Let Mr is the real mean, then Mr = ( ∑(i = 1 to n) xi ) / n ----------(1)

and then n(Mr) = ∑(i = 1 to n) xi  ------------(1)'

Let Ma is the assumed mean, then (x1 - Ma) + (x2-Ma) + (x3-Ma) + ... + (xn -Ma) = R ----------(2)

If the assumed mean is the same as real mean then R should be zero.

If R is not zero, then assumed mean is not the same as real mean.

The equation (2) can be modified as below.

(x1 + x2 + x3+ .... + xn) - n(Ma) = R   ---------------(2)'

From equation (1)' (x1+x2+...+xn) = ∑(i = 1 to n) xi =n(Mr)  plug this to equation (2)'

Then n(Mr) - n(Ma) = R -----------------(3)

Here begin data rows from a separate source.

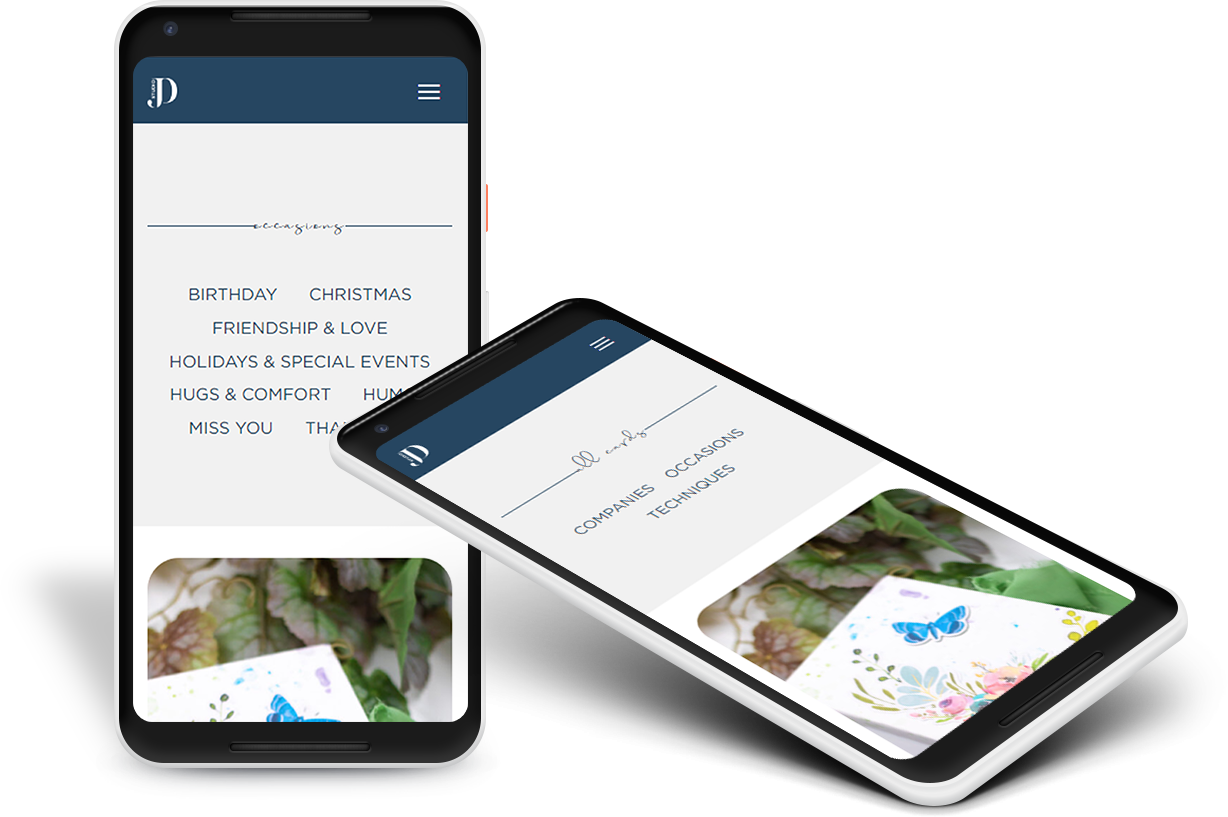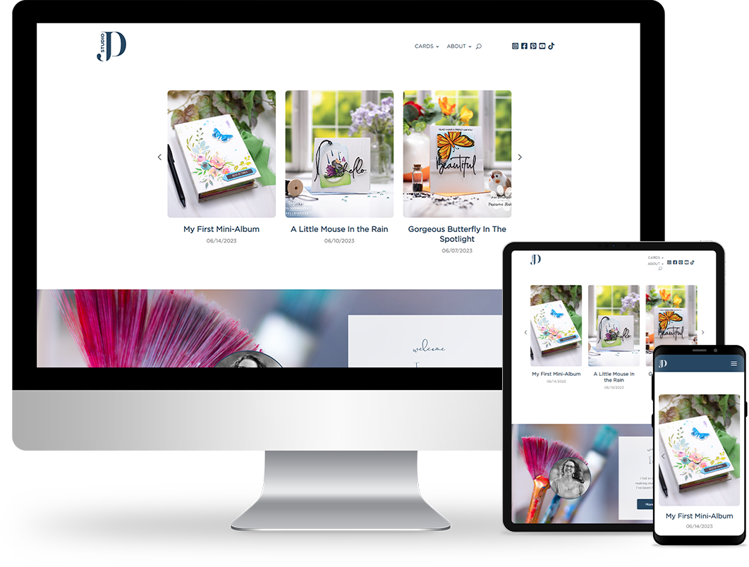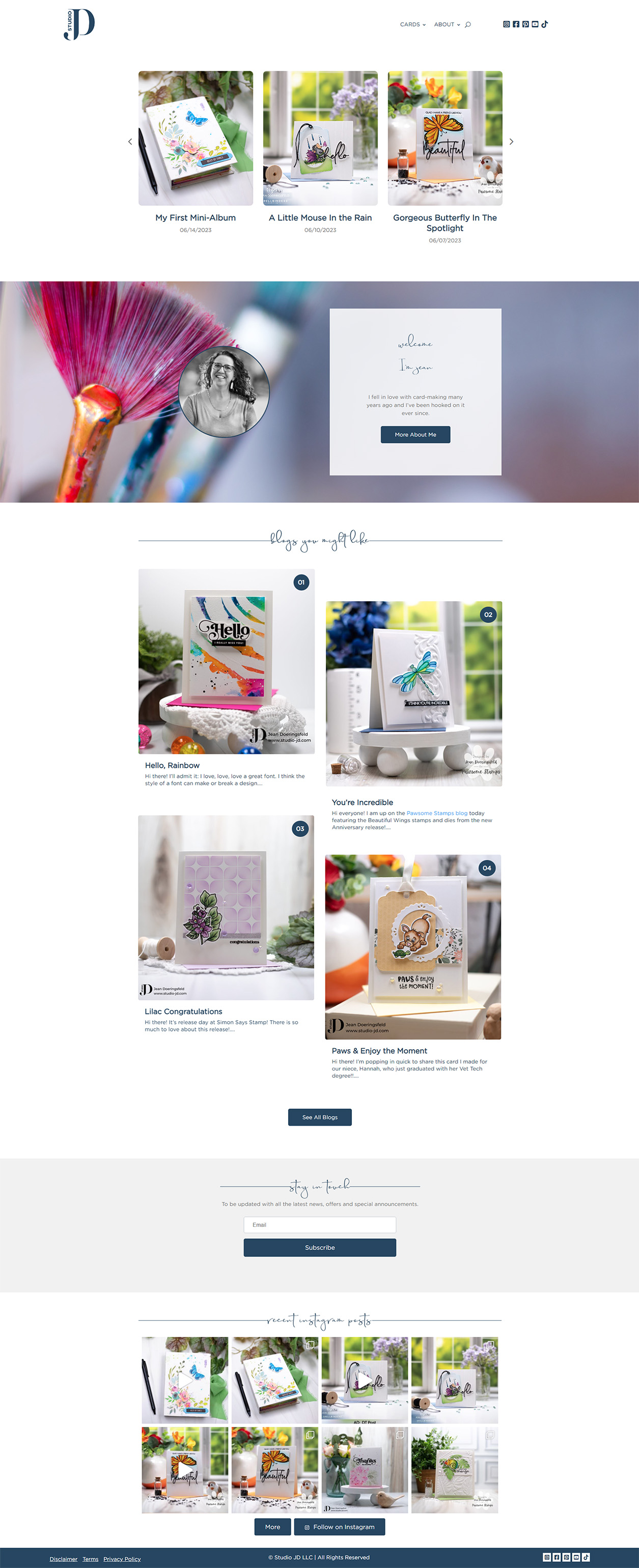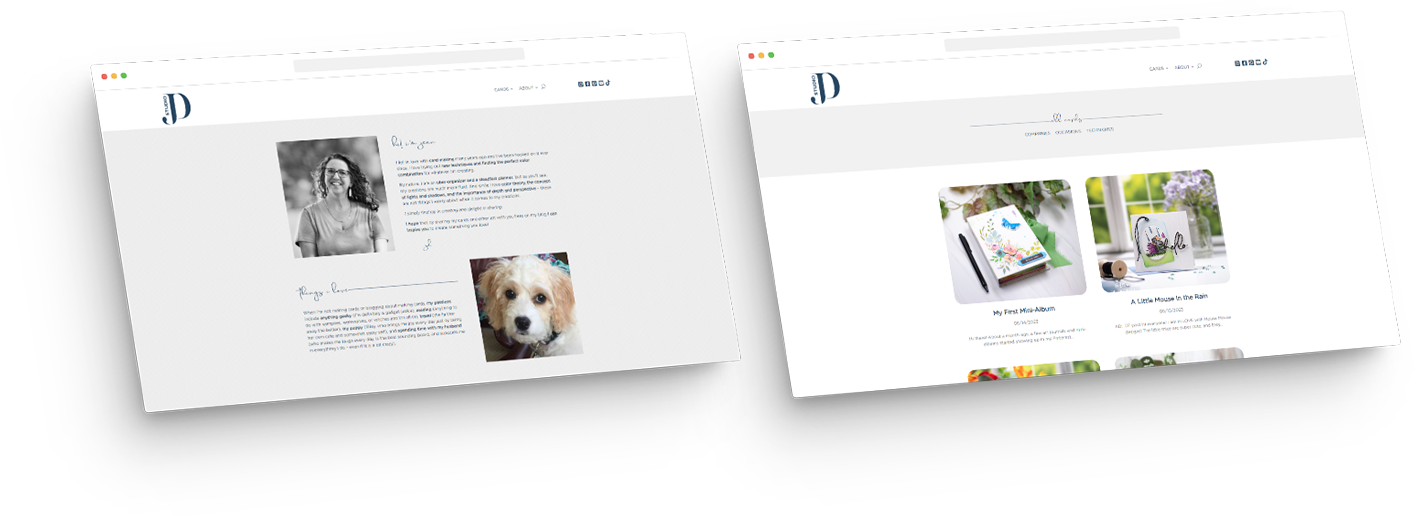 We designed a new logo that was modern and sophisticated — a perfect complement to the client’s artistic flair. The WordPress website we built is clean and minimal; blog posts feature high-quality images showcasing the client’s artistic ability. Blog posts are laid out post date, with the newest at the top of the page. The top navigation bar features a dropdown menu with links to different card categories, an About page, a search bar, and social media links. We added an email subscription box and an Instagram gallery at the bottom.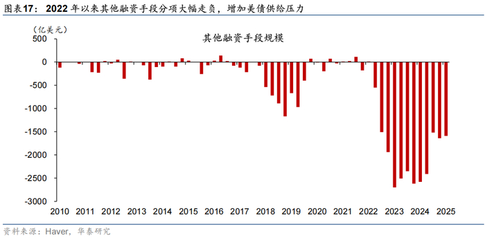 其他融资手段(other means of financing)指非市场化融资渠道,当财政部扩大其他手段融资规模时,会相应减少二级市场国债供给。其他融资手段主要有四项:直接贷款是财政部向地方政府发放诸如学生贷款、小企业贷款等具有一定具体政策意图的贷款工具;联邦融资银行贷款是指隶属于财政部的联邦融资银行(Federal Financing Bank)为某些联邦项目(如住房抵押、农业贷款)提供低成本融资;向州和地方政府发行SLGS债券[4]帮助地方政府管理债务再融资或预留建设基金;政府内部账户变动是指财政部与联邦政府内部账户(如信托基金)之间的资金流动或债务操作。当财政部扩大其他手段融资规模时,会相应减少二级市场美债发行。由于其他融资手段政策性较强,且囊括内容繁杂,整体可预测性不高。2022年以来其他融资手段分项大幅下降,增加美债供给压力,2024年三季度以来有所收窄,但维持在每个季度1500亿美元左右的规模(图表17)。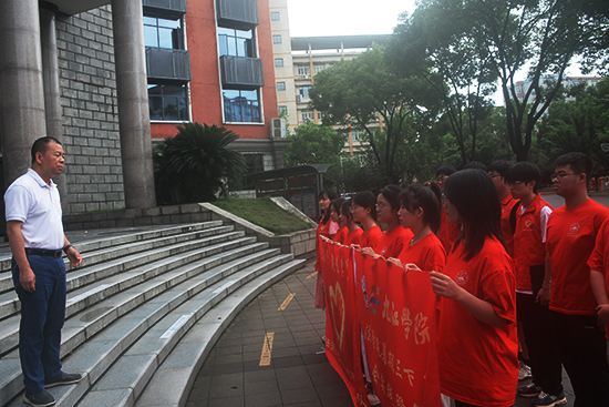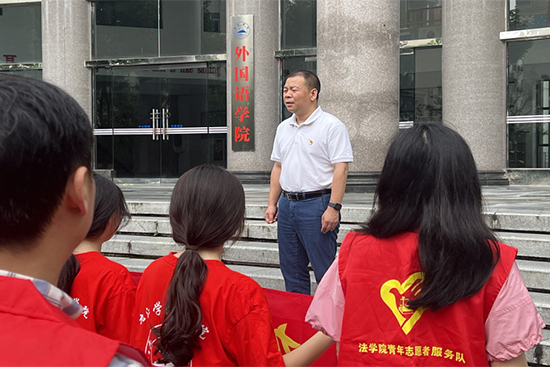 7月2日,Beat365中文官方网站在香远楼前举行暑期“三下乡”社会实践活动启动仪式,党委副书记陈永钊出席,思政科副科长刘梦、学生党支部书记沈国梁及“法润初心”社会实践服务队成员参加。

Divide the equation by n gives Mr = Ma + R/n -------------(4)

This is the relation between the real mean and the assumed mean.

The standard deviation is σ = √( ∑(i = 1 to n) ( xi - Mr)2 / n )-------------(5)

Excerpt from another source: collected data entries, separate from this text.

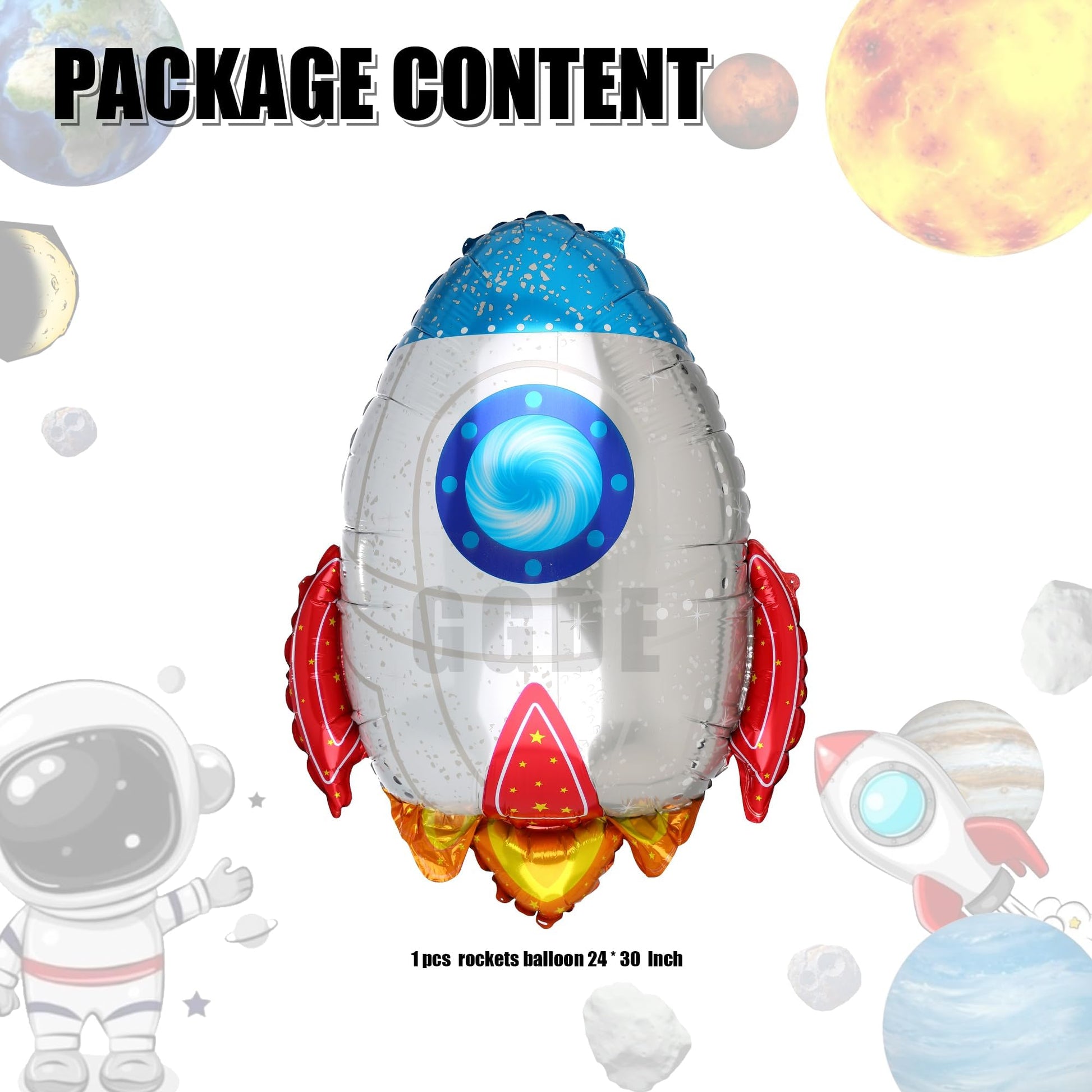 • Q: What are the dimensions of the Rocket Shaped Mylar Foil Balloon? A: The Rocket Shaped Mylar Foil Balloon measures 24 inches by 30 inches, making it a large and eye-catching decoration for any space-themed birthday party.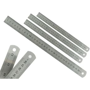 Kit Com 4 Réguas Metal Leve De Aço Inoxidável Tamanho 30 Cm Marcação Baixo Relevo Escolar Escritório Engenheiro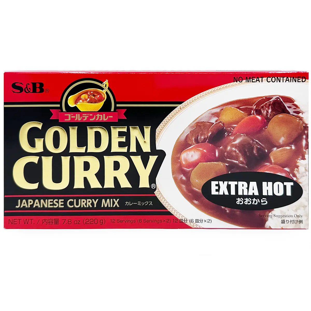 A block of Golden Curry Mix consisting of curry powder, flour, spices and seasoning could quickly transform mundane stew into fine curry simply by adding them to the mixture. Spicier than hot. It has good balance of rich aroma and spiciness. S&B Golden Curry Mix contains no meat or meat derived ingredients.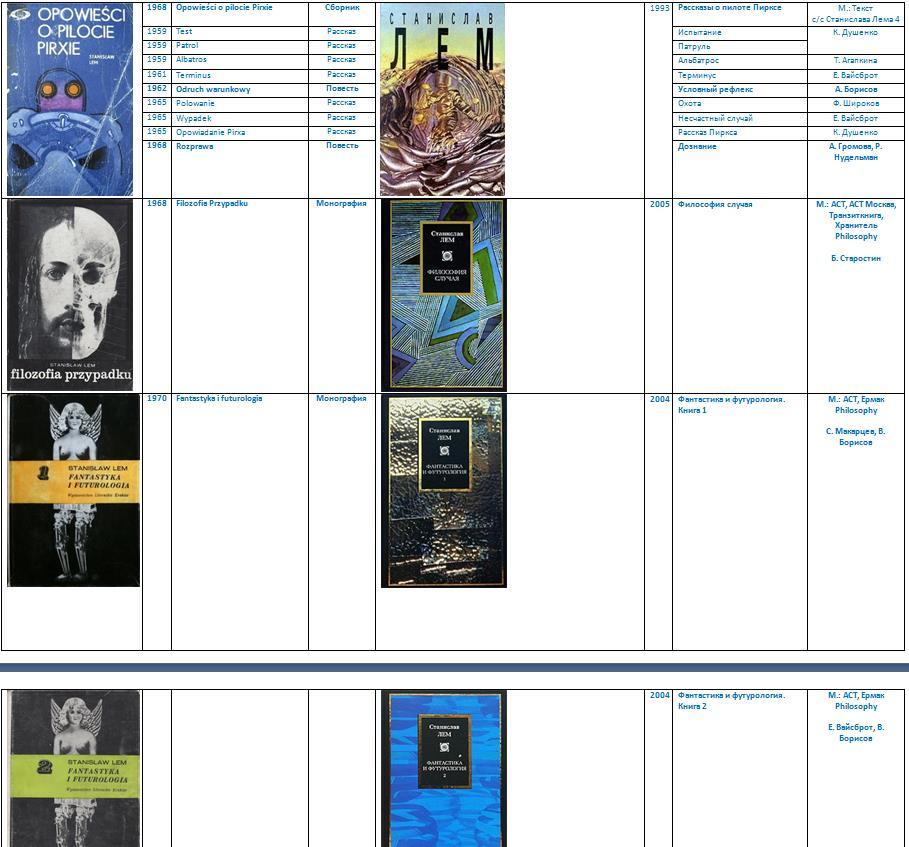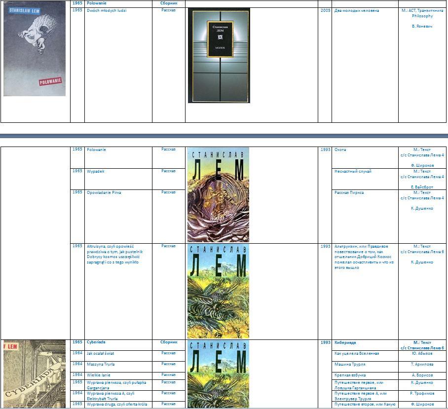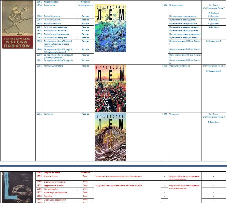 А вот с творчеством Лема всё оченно сложно... Там уже 51 страница, покажу часть фрагментов классификации (вот так каждый сборник приходится копать, чтобы понять что есть, чего нету и чего где искать, в каком порядке писалось и как читать)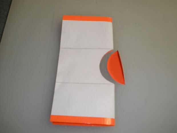 5. Voltee el papel y recorte el exec en los lados. Pliegue el colgar sobre el papel.

If you want to use assumed mean for standard deviation, you can use equation (4) to equation (5)

then σ =  √( ∑(i = 1 to n)( xi - Ma - R/n )2  / n )

Ok, I'm a little fuzzy about what exactly you're looking for, so I'll give an example that Wikipedia did on their site (I'm good at math, not creative math- I can't just whip up numbers). But I understand assumed mean to be just like this. If this isn't what you're needing, we'll talk it though a little more, and I'll try to find a better way to explain it than wikipedia.

The mean of the following numbers is sought:
219, 223, 226, 228, 231, 234, 235, 236, 240, 241, 244, 247, 249, 255, 262
Suppose we start with a plausible initial guess that the mean is about 240. Then the deviations from this "assumed" mean are the following:
−21, −17, −14, −12, −9, −6, −5, −4, 0, 1, 4, 7, 9, 15, 22
In adding these up, one finds that:
22 and −21 almost cancel, leaving +1,
15 and −17 almost cancel, levaing −2,
9 and −9 cancel,
7 + 4 cancels −6 − 5,
and so on. We are left with a sum of −30. The average of these 15 deviations from the assumed mean is therefore −30/15 = −2. Therefore that is what we need to add to the assumed mean to get the correct mean:
correct mean = 240 − 2 = 238.